Cofnęłam się gwałtownie i właśnie w tej chwili, gdy Sasake produkował się jeszcze kazaniami, z chmurzyska zaczął siąpić deszcz. Nie minęła sekunda, a mżawka przeobraziła się w najprawdziwszą ulewę. Była bardziej intensywna niż kubeł wody, którego zwykle wylewa na mnie Shee.  
Zapadła cisza. Dla mnie była ona krępująca, dla Sheeiren był to moment zwycięstwa, natomiast dla Itachiego (o ile dobrze zapamiętałam imię) była to chwilka frajdy. Przez czysty przypadek zorientowałam się, że starszy z braci patrzy na Sheeiren „tym” wzrokiem pełnym uznania, którego żądała sprawczyni chaosu.
Odważyłam się na rzut oka w kierunku Sasake, zmieniłam też pozycję, żeby polepszyć obserwację jego mimiki. Och, poczułam się winna całej sytuacji.
- Sasake… - szepnęłam ostrożnie, jak do rozjuszonego zwierzęcia.

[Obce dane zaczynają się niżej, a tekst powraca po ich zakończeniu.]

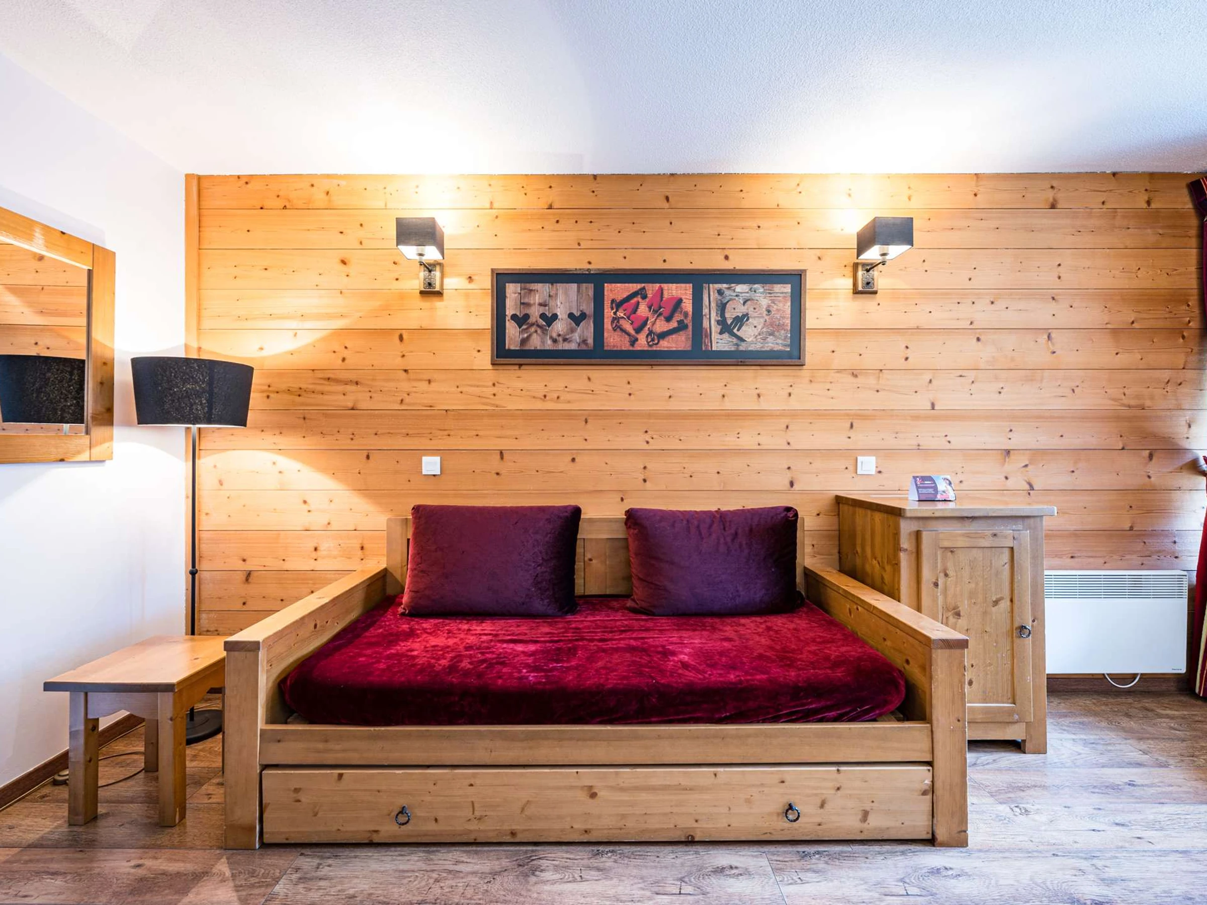 • Un espace salon avec canapé-lit (140x190) équipé d’un vrai matelas et sommier,

Imai szczerzyła się zwycięsko, zamiast pomagać.
A Sasake spiorunował mnie tym wzrokiem, którym piorunowano mnie regularnie od apokalipsy. Rany! Znoszenie ich weszło mi w nawyk.
- Sasuke! – warknął.
- Wszystko jedno – mruknęłam, urażona jego intonacją. Dobra! O ile nie dałam mu do zrozumienia, jak kosmiczny poziom może osiągnął szał Imai, o tyle nie prosiłam Sa-su-ke o obronę. Jeżeli w ogóle obrona była jego motywem głównym. Niestety bardziej prawdopodobna wydawała mi się próba ukojenia napięcia między mną i Sheeiren.  
Sasuke zebrał powietrze, napuszył policzki, przeczesał nasiąknięte wodą włosy, a Sheeiren wreszcie zdecydowała się anulować technikę.
- Deszcz… - powiedział cichutko Itachi. – Interesujące.
- Itachi! – Sasuke podniósł głos, jak żołnierz w szeregach, mimo że od jego brata dzieliły go mizerne dwa metry. – Mogę je zabić?
Psiakość. Błyskawicznie wystrzeliłam w stronę Sheeiren, w drodze zaopatrując się w zardzewiały kunai, z poszarpanymi krawędziami. Oj tak, wyniszczona broń była następnym minusem apokalipsy. Imai widziała w tym plus; mniej żyjących ludzi – mojego pokroju, rzecz jasna.
Zatrzymałam się za plecami Sheeiren i zacisnęłam ręce na jej ramionach. Nie chowałam się jak owieczka! Potrzebowałam narady.
- Od teraz to nasi wrogowie.
- Nie – jęknęła, ale po ułożeniu ciała i ogniu w oczach zorientowałam się, że marzy, by zanurzyć się w ferworze walki. Była jej żywiołem, mimo połamanych i wyjedzonych przez rdze mieczy. – To nie nasi wrogowie. Twój Sa-sa-ke, to tylko idiota, który przecenia swoje możliwości i dyskryminuje innych.
Itachi odchrząknął.
- Prawda.  
Sasuke roztrzepał włosy. Gdyby nie trafna uwaga mojej współtowarzyszki, wzięłabym za gwiezdne bóstwo, o których uczono mnie w rodzinie.
- Przystojniacy zawsze są idiotami – pomyślałam na głos.
- Nikiro, to drugi raz, w którym się z tobą zgadzam – szepnęła zadowolona Sheeiren, lecz chwilę później jej wzrok spoczął na drugim z braci. – Poniekąd – dodała.  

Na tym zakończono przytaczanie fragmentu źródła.